|Posted on Friday, May 09, 2003 - 05:20 pm: |
I am 36 years old.i was diagnosed with multiple fibroids a couple of months ago. It is accompanied with very heavy periods lasting about 10 days. Since about 7 years ago and until i was diagnosed with fibroids i was on and off on a drug called diane 35 for various other symptoms i had: more hair on my face, thinning hair and hair loss, puffiness in my face, grey and dull skin. The Diane also relieved chronic constipation.
I had also taken homeopathy for the above symptoms and did relieve these symptoms in the short term but not in the long term.
I am now taking ayurveda treatment for the last 4 months, primarily to reduce the bleeding, but it has reduced only slightly. would be really grateful for some advice. I think you have a great site.
|Posted on Sunday, May 11, 2003 - 06:18 pm: |
I hadn't actually heard of this drug before so had to do a little research. Basically, however, what you were experiencing was excess androgens by female standards. My understanding would be that this only occurs when women are overworking the first chakra. While this drug is not prescribed for hirsutism, the only cases of this that I have seen are among very high achievers, women who are competitive in sports or in the legal or medical professions. However, it would be imaginable that any woman with the capacity to increase output of the adrenals could have excess of male characteristics without developing hirsutism. In either case, the goal would be to harmonize the life so that stress and stressors did not cause a flooding of the bloodstream with androgens. There are basically two ways to do this. The first would be to increase your margins so that you could deal with more issues before feeling stressed. The second would be to subject your life to a creative rhythm so you weren't thrown into high gear as often.

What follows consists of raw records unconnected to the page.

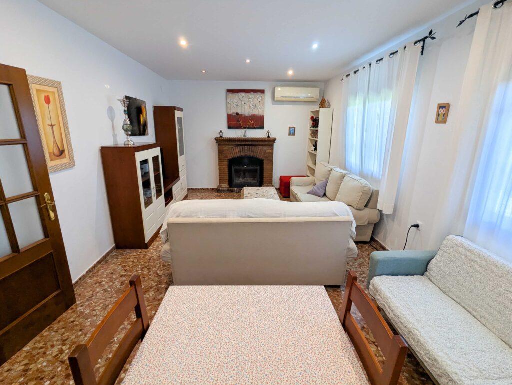 La casa está distribuida en un amplio y luminoso salón comedor, con chimenea y A/A, con espacio suficiente para diferenciar zona de estar y zona de comedor. Se encuentra totalmente amueblado y equipado.
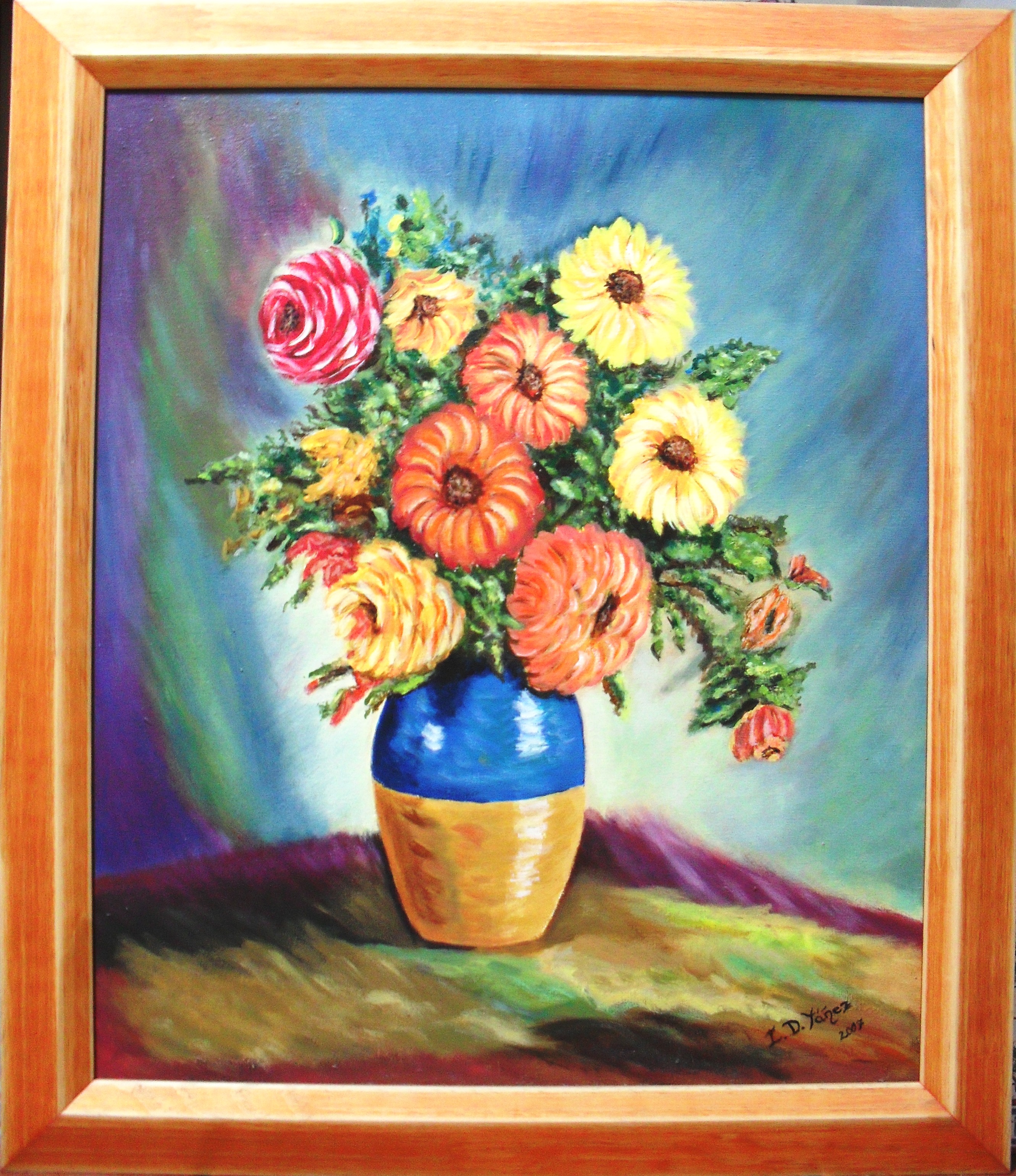 Título: Hortensia en jarrón Original Lámina de 62 x 43, enmarcada en madera, con cristal opaco Óleo-pincel Precio: 250€ Ref: FN9 |
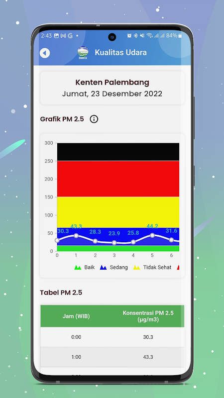 Presents air quality information in terms of Particulate Matter (PM2.5) concentrations in several cities in Indonesia

The adrenals secrete hormones whether you give them permission to do so or not, but you can reduce the number and frequency of circumstances causing them to panic. This would be good long-term management.
As for the fibroids, I have less wonderful news. While one occasionally hears of successful holistic treatment, there are really not all that many great stories. I even know of practitioners who after years of trying one thing after another resorted to surgery to avert the two main issues that concerned them: loss of energy due to blood loss and risk of the fibroids growing to a dangerous size.
This said, there are some methods that are worth a try because they sometimes work. Both involve the use of vaginal suppositories. The one uses the herbal bolus formulated by Dr. John Christopher and the other is Hanne Kroeger method using black strap molasses in "OO" capsules.
In the Christopher method, the suppositories are used before bedtime and tea is used for douching in the morning. In the Kroeger method, two "OO" capsules are filled with black strap molasses and inserted before bedtime for ten days prior to the onset of the period. Women douche with apple cider vinegar or chamomile tea in the morning and repeat the following month if necessary. Neither practitioner ever recommended trying for more than two months.
I know women who have successfully arrested the bleeding using Yunnan Paiyao but it doesn't make the fibroids disappear. I also know women who used Tang Kwei Gin to boost their blood when they were tired from blood loss, but again, it relieves symptoms of fatigue without addressing the cause. So, while most women would want to try one or both of these measures (not concurrently) just so they know they did their best to preserve their bodies, my guess is that very few succeed. Obviously, those who do succeed are happy that they managed to avoid surgery, but it's important to be monitored so you know if you are taking an unnecessary risk. You might also want to talk this over with a practitioner who specializes in such matters because he or she might have some suggestions I don't have. It's not my area of greatest expertise, but I do know how very challenging the problem is for practitioners because we often talk about this among ourselves.